Defining each challenge as a mere number kills much of the potential gameplay. For example, one type of plant produces water seeds, which can be used to hydrate other plant types. But the water plants themselves provide the smallest amount of biomass, so there’s no reason to ever actually plant them. When you need water seeds you can just go get them from one of the existing plants. This is precisely the problem with framing your game in terms of which number is bigger than the other number: there’s no dynamism. The only worthwhile option is the one with the biggest number attached to it, which means it’s not really an option at all.

This is boring, but the real problem is that it kills the theme. The game is supposedly about ecosystems, but there’s no sense of balance. For example, you can spawn as many of those seed-eating creatures as you want by just continually feeding them seeds, so in some areas the “solution” is to just spawn as many of this one type of creature as possible, which is the exact opposite of how ecosystems work. Early in the game, the player character expresses concern that recklessly growing as many plants as possible could have an adverse impact on the ecosystem. Turns out that doesn’t matter; apparently care is for suckers and ecosystems are just about making bio-numbers as big as possible. What should be an exploration of give and take is instead an exercise in making numbers go up.

mars_numbers

The game’s overall framework also has a coherence problem. Each area is supposed to be self-contained, the conceit being that the plants seal themselves off for self-protection until the surrounding areas have rejuvenated sufficiently. But the way you progress is by collecting seeds from one area and taking them to another area. Managing the reproduction of each plant type is supposed to be part of the gameplay, but you never have to actually worry about this. If you run out of seeds you can just go get them from somewhere else.

The problem is that there are two different types of gameplay being represented here: resource management and puzzle solving. You can’t just hybridize these by mashing them together, because they directly contradict each other.

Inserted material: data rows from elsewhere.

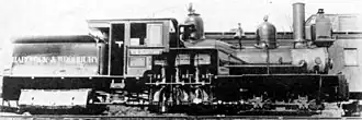The railroad’s first locomotive was the 4-4-0 Hinkley rod locomotive it leased from the Boston & Maine.[8]: 6 When this engine outlived its usefulness (largely because it could not ascend the steeper grades beyond Burnam Hill[8]: 7 ), the company bought a Shay locomotive (whose gear drive enabled it to handle steeper track) from the Barre & Chelsea.[8]: 7, etc. This was given the number 1 and named E.H. Blossom for the railroad’s general manager.[1]: 53 It had two trucks and eight 32.5-inch (83 cm) drive wheels, and weighed 40 tons.[8]: 11 This locomotive was used for the rest of the construction of the line, and then was the railroad's only service locomotive for several years.[1]
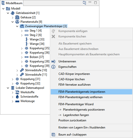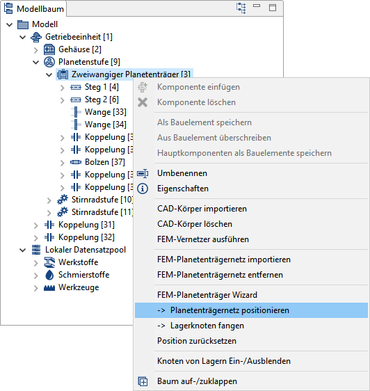 Im nächsten Schritt wird die axiale Position des Planetenträgernetzes bestimmt. Hierfür wird die axiale Position eines FE-Knotens mit dem linken oder rechten Ende einer Koppelung aus der Auswahlliste zur Deckung gebracht. Die Auswahlliste enthält alle mit den Wangen verbundenen Koppelungen und Lager.
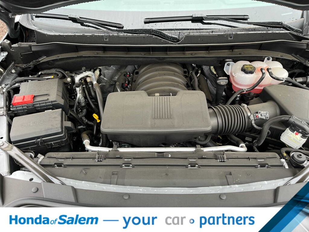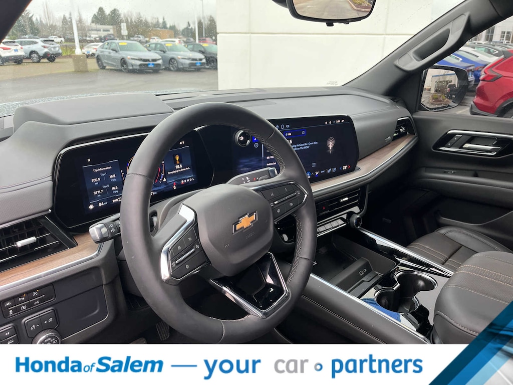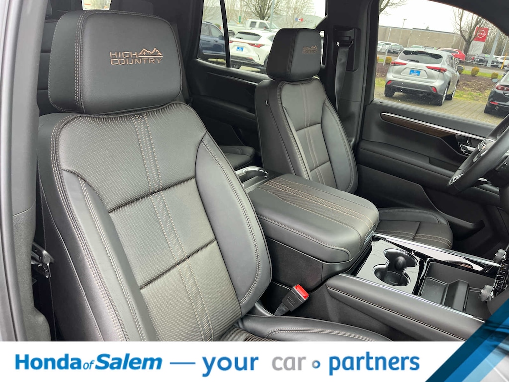with Dynamic Fuel Management, Direct Injection and Variable Valve Timing, includes aluminum block construction (420 hp [313 kW] @ 5600 rpm, 460 lb-ft of torque [624 Nm] @ 4100 rpm) (STD), electronically controlled with overdrive, includes Traction Select System including tow/haul (STD), with Google built-in compatibility (select service plan required, terms and limitations apply), including navigation capability, connected apps, personalized profiles for each drivers settings, Natural Voice Recognition and Phone Integration (STD), SUSPENSION, MAGNETIC RIDE CONTROL. Chevrolet High Country with Sterling Gray Metallic exterior and Jet Black interior features a 8 Cylinder Engine with 420 HP at 5600 RPM*.
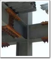 二次灌漿前鋼結構柱腳的圖片(為保護錨栓頂不螺紋用橡皮套包裝)
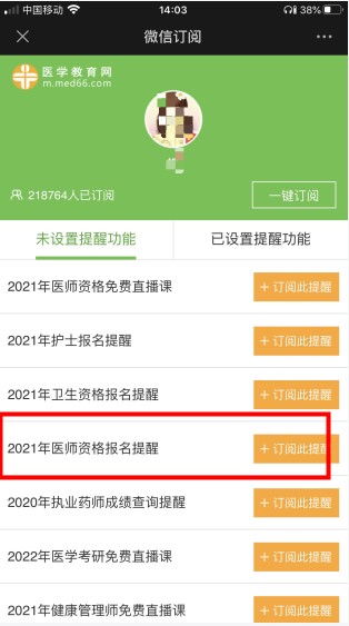 第三步、點(diǎn)擊"2021年醫(yī)師資格考試報名"提醒功能
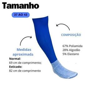 Kit com 6 Meiões de Futebol pés em Algodão Conforto Adulto Cor: Royal Descrição Kit com 6 Meiões tradicionais para futebol - Ideal para fardamentos Produzido com pé em algodão que garante o conforto e evita bolhas durante a pratica do esporte. Corpo e cano do meião em poliamida e elastano garantem o suporte da caneleira e panturrilha. Medidas aproximadas: - Normal: 69 cm de comprimento; - Esticado: 82 cm de comprimento; - Tamanho: 37 ao 43. Composição - 67% Poliamida; - 28% Algodão; - 5% Elastano. Conteúdo da embalagem: - 6 pares de meias. do fabricante: 30 dias Marca: Não Informado

Part of what defines a puzzle is its resource constraints. If you think of puzzle games like Lemmings or The Incredible Machine, each level in these games gives you a certain number of each potentially available tool, and the challenge is figuring out how to achieve the goal given what you’ve got. If you always had access to everything, there would be no point: you could just do whatever you felt like every time. On the other hand, if you don’t have enough resources, the puzzle is unsolvable. Good design means giving the player enough resources to solve the puzzle without a major headache, but few enough that they actually have to come up with something meaningful.

Waking Mars falls into both traps. If there’s a specific type of seed you need for a certain area, and you don’t have it, your only option is to backtrack and wander around until you find one. In other areas, being well-stocked with seeds trivializes the challenge. You don’t have to think about what you’re doing when you can just throw down as many high-value plants as possible in order to get over the threshold.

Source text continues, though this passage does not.